Diaz, founder of Casa de Venezuela-Orlando, said he initially wrote to Murphy and received a couple of responses from her staff, including one which stated, “We are not blocking anything. We are asking for more clarification and information on the proposal that was submitted to the caucus last week.”
Diaz said that sounded like a political cop-out and did not reflect Murphy’s actions, saying she pushed for the registry to be dropped from the bill. He called on Murphy to publicly declare her support for the registry through a tweet or public statement.
“They say one thing and then she acts in another direction. It’s terrible,” he said.
Murphy is herself an immigrant who benefited from America’s refugee policies. When she was an infant, her family fled communist Vietnam by boat, and were rescued at sea by the U.S. Navy. She often tells that story in her campaigns.
“We are dismayed at reports you are leading an effort to block immigration ‘registry’ in the House Budget bill which would provide a path to citizenship for millions of immigrants, including immigrants with temporary protected status or TPS, Dreamers and essential workers,” the letter declares. “You are harming the economy of Florida and playing games with the lives of Venezuelans, Haitians and other TPS holders across Florida, including your own district.”
The provision they seek was removed from the bill, then restored earlier this week.

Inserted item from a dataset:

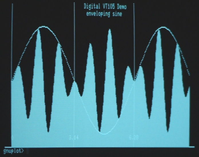 This image shows an example of a shaded graph, or histogram, created using the VT105's "waveform graphics" mode. In this case the second graph has the histogram mode turned on, causing it to fill in the area under the curve. Because the curve data was stored separately for the two graphs, the system could control intensity to brighten areas where they overlapped to keep both visible. This can be seen in the areas were the upper graph lies over the shaded area.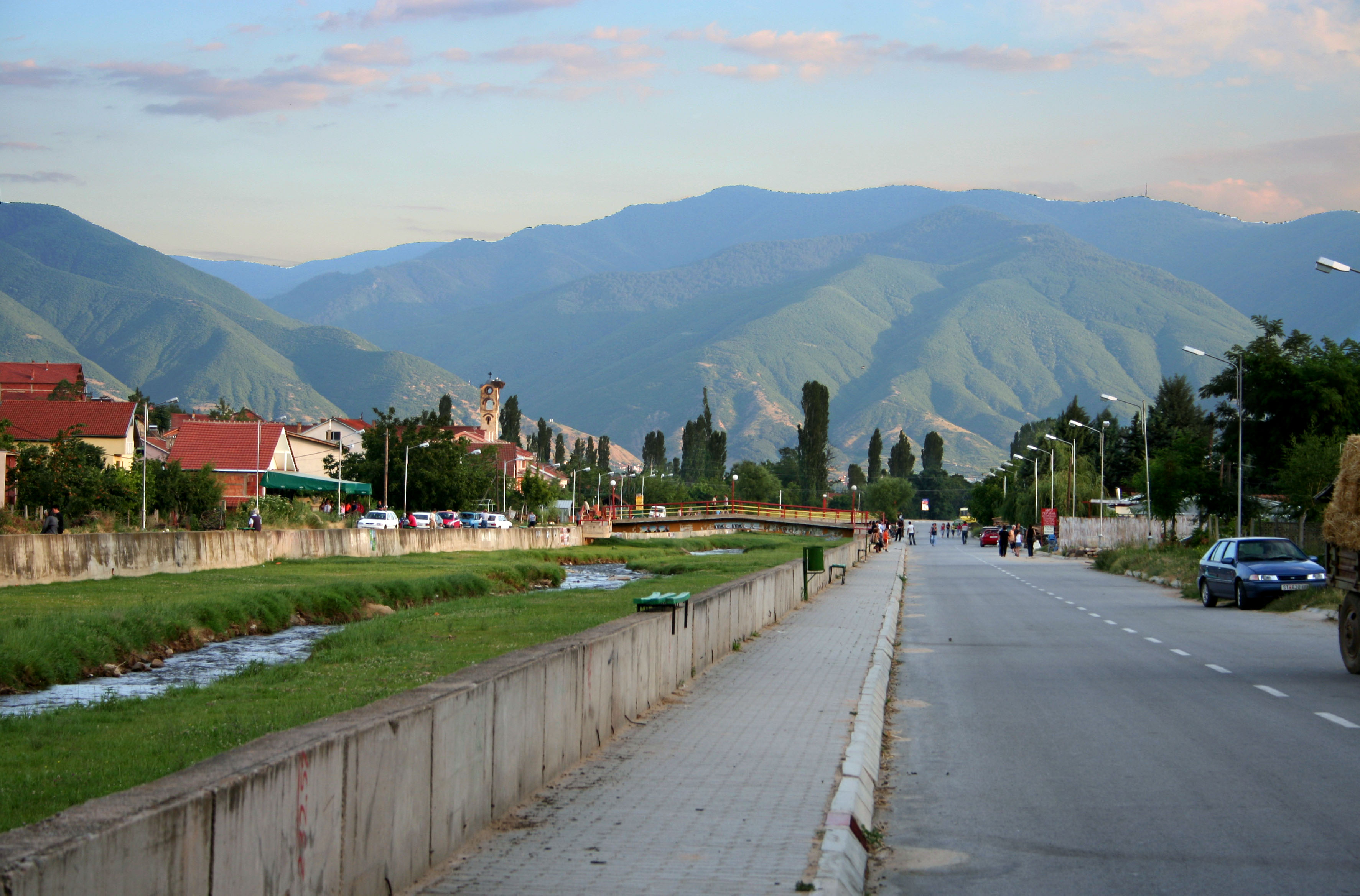 Orizarska or Orizari River, Republic of Macedonia

The coalition includes Diaz, a leading Florida advocate for Venezuelan immigrants who over the years has stood with both Republican and Democratic allies; Smith, a three-term Democratic Representative from Orlando who is of Peruvian descent; Orange County School Board Member Johana Lopez; the Rev. Jose de Jesus Palmar; and representatives of the Immigration Partnership & Coalition Fund, the Venezuelan American Alliance; and other immigration and community groups throughout Central Florida, plus some signatories who are listed as her constituents.
Murphy’s Florida’s 7th Congressional District covers Seminole County and parts of northern and central Orange County, including neighborhoods in southern Seminole and central and eastern Orange that have large, mixed Hispanic populations.
“If you block a path to citizenship for us, with deepest respect, our families and our communities, we will not forget,” the letter reads.